The complete listing below should be transcribed precisely.
***
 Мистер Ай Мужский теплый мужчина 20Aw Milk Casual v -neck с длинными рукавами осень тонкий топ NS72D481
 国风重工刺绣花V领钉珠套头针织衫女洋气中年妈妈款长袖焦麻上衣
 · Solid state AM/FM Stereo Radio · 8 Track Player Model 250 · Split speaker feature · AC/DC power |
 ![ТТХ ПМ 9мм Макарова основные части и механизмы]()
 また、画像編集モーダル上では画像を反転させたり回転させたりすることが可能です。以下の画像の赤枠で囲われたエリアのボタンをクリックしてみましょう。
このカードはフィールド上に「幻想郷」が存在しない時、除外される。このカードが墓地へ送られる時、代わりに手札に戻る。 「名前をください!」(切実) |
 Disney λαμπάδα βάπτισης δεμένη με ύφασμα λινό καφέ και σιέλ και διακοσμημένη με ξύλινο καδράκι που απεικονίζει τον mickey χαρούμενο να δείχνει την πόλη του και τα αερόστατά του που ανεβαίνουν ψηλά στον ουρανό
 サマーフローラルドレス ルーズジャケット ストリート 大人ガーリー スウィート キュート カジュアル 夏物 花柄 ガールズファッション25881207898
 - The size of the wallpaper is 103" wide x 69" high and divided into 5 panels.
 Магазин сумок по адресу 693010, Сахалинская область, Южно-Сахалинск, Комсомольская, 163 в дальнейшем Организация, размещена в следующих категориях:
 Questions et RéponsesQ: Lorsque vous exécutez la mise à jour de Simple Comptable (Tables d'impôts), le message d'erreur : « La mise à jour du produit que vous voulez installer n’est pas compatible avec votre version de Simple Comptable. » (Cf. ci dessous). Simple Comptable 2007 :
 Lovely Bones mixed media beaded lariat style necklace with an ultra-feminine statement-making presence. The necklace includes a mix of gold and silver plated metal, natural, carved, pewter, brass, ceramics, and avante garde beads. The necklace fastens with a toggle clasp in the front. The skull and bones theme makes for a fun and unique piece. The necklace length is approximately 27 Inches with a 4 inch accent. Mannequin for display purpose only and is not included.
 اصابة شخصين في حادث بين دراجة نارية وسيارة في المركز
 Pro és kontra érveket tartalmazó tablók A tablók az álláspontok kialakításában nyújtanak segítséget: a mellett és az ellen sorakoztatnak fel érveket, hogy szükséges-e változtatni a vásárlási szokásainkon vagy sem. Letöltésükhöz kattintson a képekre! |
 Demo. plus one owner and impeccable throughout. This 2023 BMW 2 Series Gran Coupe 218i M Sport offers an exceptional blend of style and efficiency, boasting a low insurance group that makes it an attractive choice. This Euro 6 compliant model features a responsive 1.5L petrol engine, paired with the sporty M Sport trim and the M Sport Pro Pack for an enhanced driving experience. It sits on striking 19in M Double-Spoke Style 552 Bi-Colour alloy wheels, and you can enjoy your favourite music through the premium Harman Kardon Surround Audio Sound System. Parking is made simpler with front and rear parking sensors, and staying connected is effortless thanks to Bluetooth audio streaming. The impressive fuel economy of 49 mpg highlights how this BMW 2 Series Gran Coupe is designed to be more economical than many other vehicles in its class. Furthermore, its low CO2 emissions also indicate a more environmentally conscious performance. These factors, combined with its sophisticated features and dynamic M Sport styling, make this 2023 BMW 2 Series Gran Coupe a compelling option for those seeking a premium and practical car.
***
- _Solution_
 Мистер Ай Мужский теплый мужчина 20Aw Milk Casual v -neck с длинными рукавами осень тонкий топ NS72D481
 国风重工刺绣花V领钉珠套头针织衫女洋气中年妈妈款长袖焦麻上衣
 · Solid state AM/FM Stereo Radio · 8 Track Player Model 250 · Split speaker feature · AC/DC power |
 ![ТТХ ПМ 9мм Макарова основные части и механизмы]()
 また、画像編集モーダル上では画像を反転させたり回転させたりすることが可能です。以下の画像の赤枠で囲われたエリアのボタンをクリックしてみましょう。
このカードはフィールド上に「幻想郷」が存在しない時、除外される。このカードが墓地へ送られる時、代わりに手札に戻る。 「名前をください!」(切実) |
 Disney λαμπάδα βάπτισης δεμένη με ύφασμα λινό καφέ και σιέλ και διακοσμημένη με ξύλινο καδράκι που απεικονίζει τον mickey χαρούμενο να δείχνει την πόλη του και τα αερόστατά του που ανεβαίνουν ψηλά στον ουρανό
 サマーフローラルドレス ルーズジャケット ストリート 大人ガーリー スウィート キュート カジュアル 夏物 花柄 ガールズファッション25881207898
 - The size of the wallpaper is 103" wide x 69" high and divided into 5 panels.
 Магазин сумок по адресу 693010, Сахалинская область, Южно-Сахалинск, Комсомольская, 163 в дальнейшем Организация, размещена в следующих категориях:
 Questions et RéponsesQ: Lorsque vous exécutez la mise à jour de Simple Comptable (Tables d'impôts), le message d'erreur : « La mise à jour du produit que vous voulez installer n’est pas compatible avec votre version de Simple Comptable. » (Cf. ci dessous). Simple Comptable 2007 :
 Lovely Bones mixed media beaded lariat style necklace with an ultra-feminine statement-making presence. The necklace includes a mix of gold and silver plated metal, natural, carved, pewter, brass, ceramics, and avante garde beads. The necklace fastens with a toggle clasp in the front. The skull and bones theme makes for a fun and unique piece. The necklace length is approximately 27 Inches with a 4 inch accent. Mannequin for display purpose only and is not included.
 اصابة شخصين في حادث بين دراجة نارية وسيارة في المركز
 Pro és kontra érveket tartalmazó tablók A tablók az álláspontok kialakításában nyújtanak segítséget: a mellett és az ellen sorakoztatnak fel érveket, hogy szükséges-e változtatni a vásárlási szokásainkon vagy sem. Letöltésükhöz kattintson a képekre! |
 Demo. plus one owner and impeccable throughout. This 2023 BMW 2 Series Gran Coupe 218i M Sport offers an exceptional blend of style and efficiency, boasting a low insurance group that makes it an attractive choice. This Euro 6 compliant model features a responsive 1.5L petrol engine, paired with the sporty M Sport trim and the M Sport Pro Pack for an enhanced driving experience. It sits on striking 19in M Double-Spoke Style 552 Bi-Colour alloy wheels, and you can enjoy your favourite music through the premium Harman Kardon Surround Audio Sound System. Parking is made simpler with front and rear parking sensors, and staying connected is effortless thanks to Bluetooth audio streaming. The impressive fuel economy of 49 mpg highlights how this BMW 2 Series Gran Coupe is designed to be more economical than many other vehicles in its class. Furthermore, its low CO2 emissions also indicate a more environmentally conscious performance. These factors, combined with its sophisticated features and dynamic M Sport styling, make this 2023 BMW 2 Series Gran Coupe a compelling option for those seeking a premium and practical car.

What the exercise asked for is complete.